Bigger disruptions also come into play when Hirayama’s runaway niece pays an unexpected visit. The girl’s initial embarrassment of her uncle’s work soon turns to an understanding respectfulness of his lifestyle, and she even pitches in to help. This interruption is the rare positive kind, and it’ll be sad when the girl must return home. It’s only through this interaction that we get a glimpse of Hirayama’s family or the unspoken past hurt that estranged him from them.

In the end, yet another new interruption puts things into a different perspective, leaving with a gentle and hopeful message: change is OK, and sometimes necessary.

Wenders directs the tale with a light touch and gentle affection, and the slice-of-life approach to telling a simple working class story set in Tokyo made me think that this was his way of creating something in the tradition of his favorite filmmaker, Yasujirō Ozu (which I’ve sinced learned is something that he has confirmed).

Tokyo-Ga, his 1985 travelogue in search of Ozu, adds some perspective to this.


Forty years ago, a younger Wenders set out on a pilgrimmage (while insisting it wasn’t one) to Tokyo in search of the spirit of Yasujiro Ozu. As the German director narrates in English, he has a great love for the films of Ozu. While many directors evolve, work, and create in a variety of different genres and styles, Ozu was consistent in his output, telling simple stories centered around family life in Tokyo until his death on his 60th birthday. Unlike virtually any other director, his entire catalogue, spanning decades, could be approached as a single masterwork.

Tokyo-Ga is Wenders’ document of his trip to Tokyo, hoping to still find something of the spirit of the great master there, 20 years after his death. He explores the city, comparing and contrasting the contemporary technological and cultural hub with the version that Ozu depicted. He finds a place of noisy machines, inescapable commercial business, and rampant advertising, but also one with a sense of identity: narrow alleys, quaint neighborhoods, trains – a place that still values humanity and art.

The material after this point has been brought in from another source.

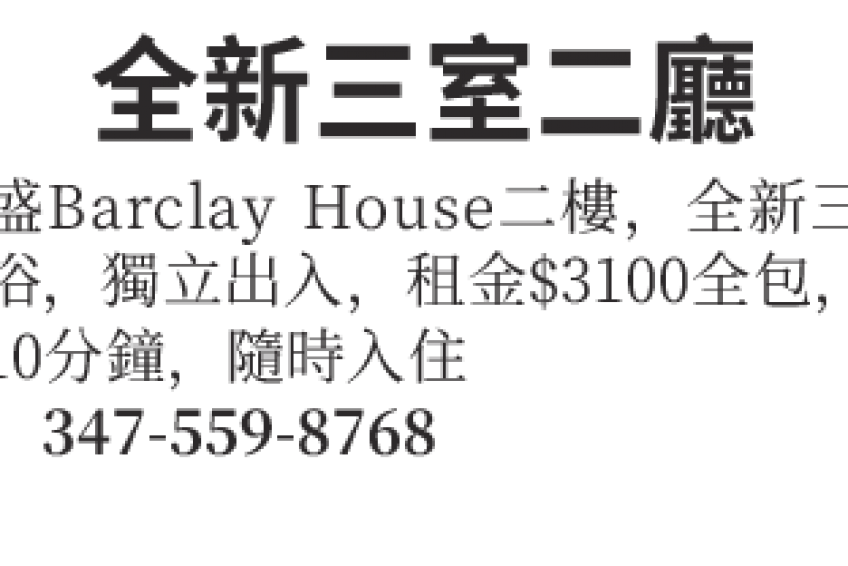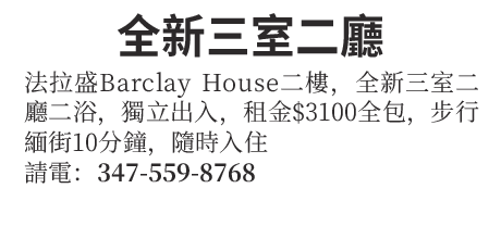 法拉盛Barclay全新三室二厅二浴 House二楼 独立出入

Chishū Ryū visits Ozu’s grave – Tokyo-Ga

Perhaps most relevantly to his search for Ozu, Wenders interviews two of the director’s contemporaries: actor Chishū Ryū and cameraman Yuharu Atsuta, who both share their fondness for the director and their careers with him, as well as a sense of nostalgia for what he meant to them and their careers – things were never quite the same after his passing. Ozu was a man meticulously set in this ways, preferring certain routine in his approach (such as preferring to position the camera statically at the same low angle) – one wonders of perhaps a little of this personality of Ozu made its way into Wenders’ Hirayama.

Yuharu Atsuta demonstrates Ozu’s preferred camera angle – Tokyo-Ga

The film is a little meandering, as Wenders trains his eye on interesting but questionably relevant sidetracks like a pachinko parlor, a golf driving range, a gathering of rockabillies, lots of trains, and a factory where artisans craft realistic looking wax food for restaurant displays. Cinephiles may also enjoy watching him meet up with a couple of other filmmaker friends, Werner Herzog and Chris Marker.

The editing is not organized in the “obvious” way most people would have done it, by inserting clips of Ozu films throughout to complement the relevant discussions. Whether for artistic or budgetary reasons, Wenders bookends the film with a couple of Ozu scenes but his own travelogue is kept uninterrupted. He also prefers to directly narrate his interviewees’ words rather than subtitle them, which I kind of dug as an unusual personal touch.

Now that some decades have passed, I think the film is probably of greater interest than it was in its own time, offering not only its original search for the spirit of Ozu, but a quite detailed window into the past: an outside (and non-American) perspective of Tokyo of 40 years ago.

It works particularly fittingly as a complement to Perfect Days. Here we see the beginning of Wenders documenting his journey into the work and spirit of Ozu, whereas Perfect Days is, at least for now, the culmination of it.